Work required >>
Return the lines that run from the line containing "coils available Bill" through the end of the entries, both ends included. Leave out all pictures.

---------- Raw data

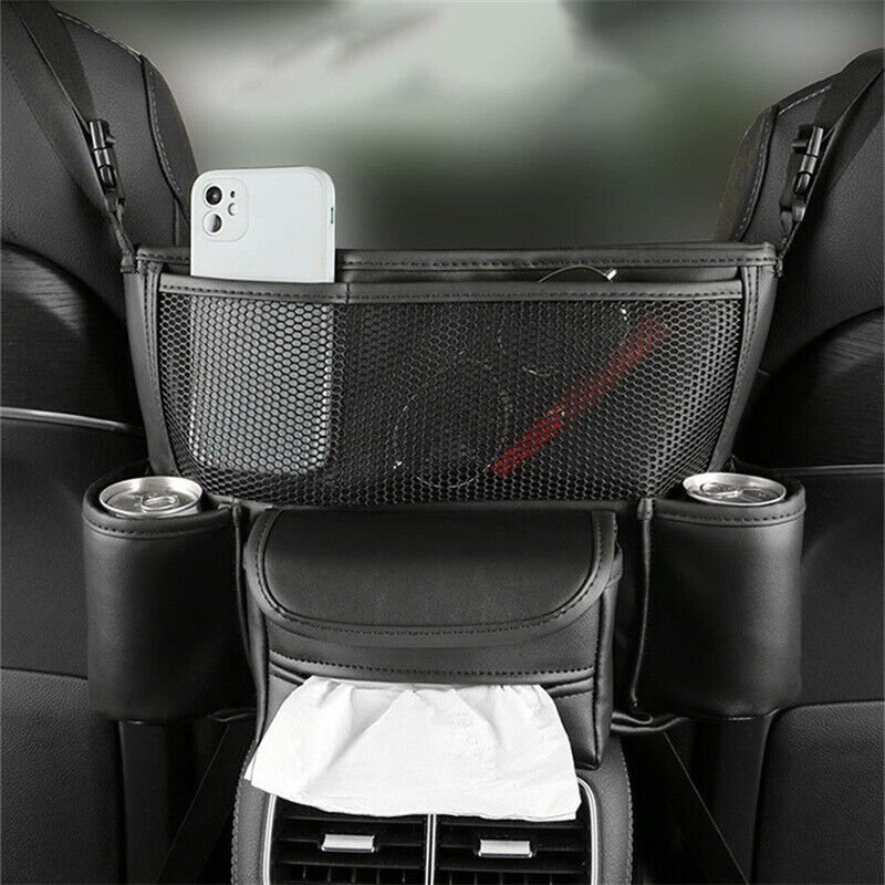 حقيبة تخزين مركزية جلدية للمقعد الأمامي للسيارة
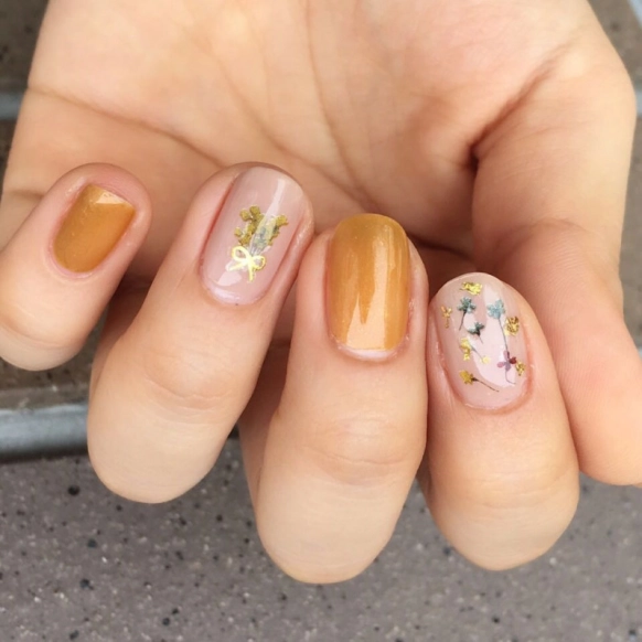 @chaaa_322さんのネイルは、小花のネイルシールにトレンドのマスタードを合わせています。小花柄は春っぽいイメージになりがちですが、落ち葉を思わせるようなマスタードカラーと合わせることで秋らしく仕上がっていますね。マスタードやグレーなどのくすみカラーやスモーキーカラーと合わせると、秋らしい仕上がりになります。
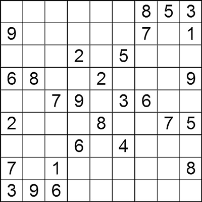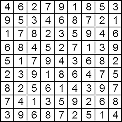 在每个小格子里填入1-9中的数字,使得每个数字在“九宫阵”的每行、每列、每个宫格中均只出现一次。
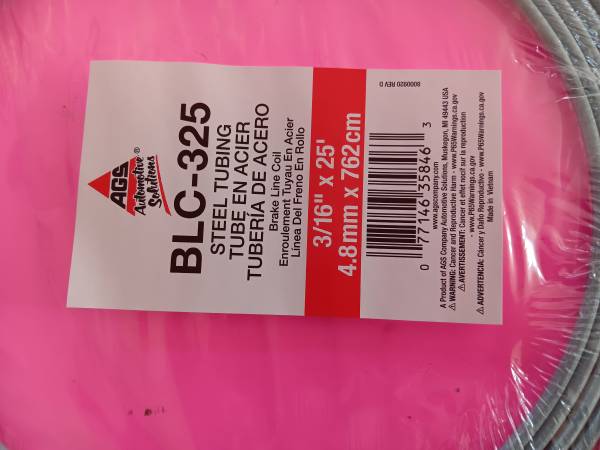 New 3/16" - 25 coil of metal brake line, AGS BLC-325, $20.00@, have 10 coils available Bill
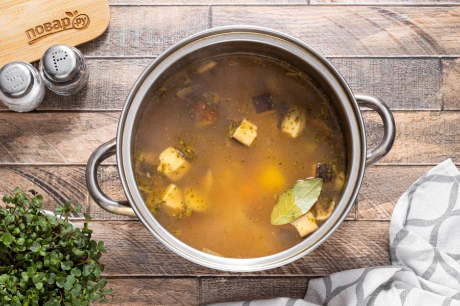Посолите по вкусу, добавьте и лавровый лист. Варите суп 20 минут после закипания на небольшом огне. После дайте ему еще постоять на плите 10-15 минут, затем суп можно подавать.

--------------------

Output below >>
 New 3/16" - 25 coil of metal brake line, AGS BLC-325, $20.00@, have 10 coils available Bill
Посолите по вкусу, добавьте и лавровый лист. Варите суп 20 минут после закипания на небольшом огне. После дайте ему еще постоять на плите 10-15 минут, затем суп можно подавать.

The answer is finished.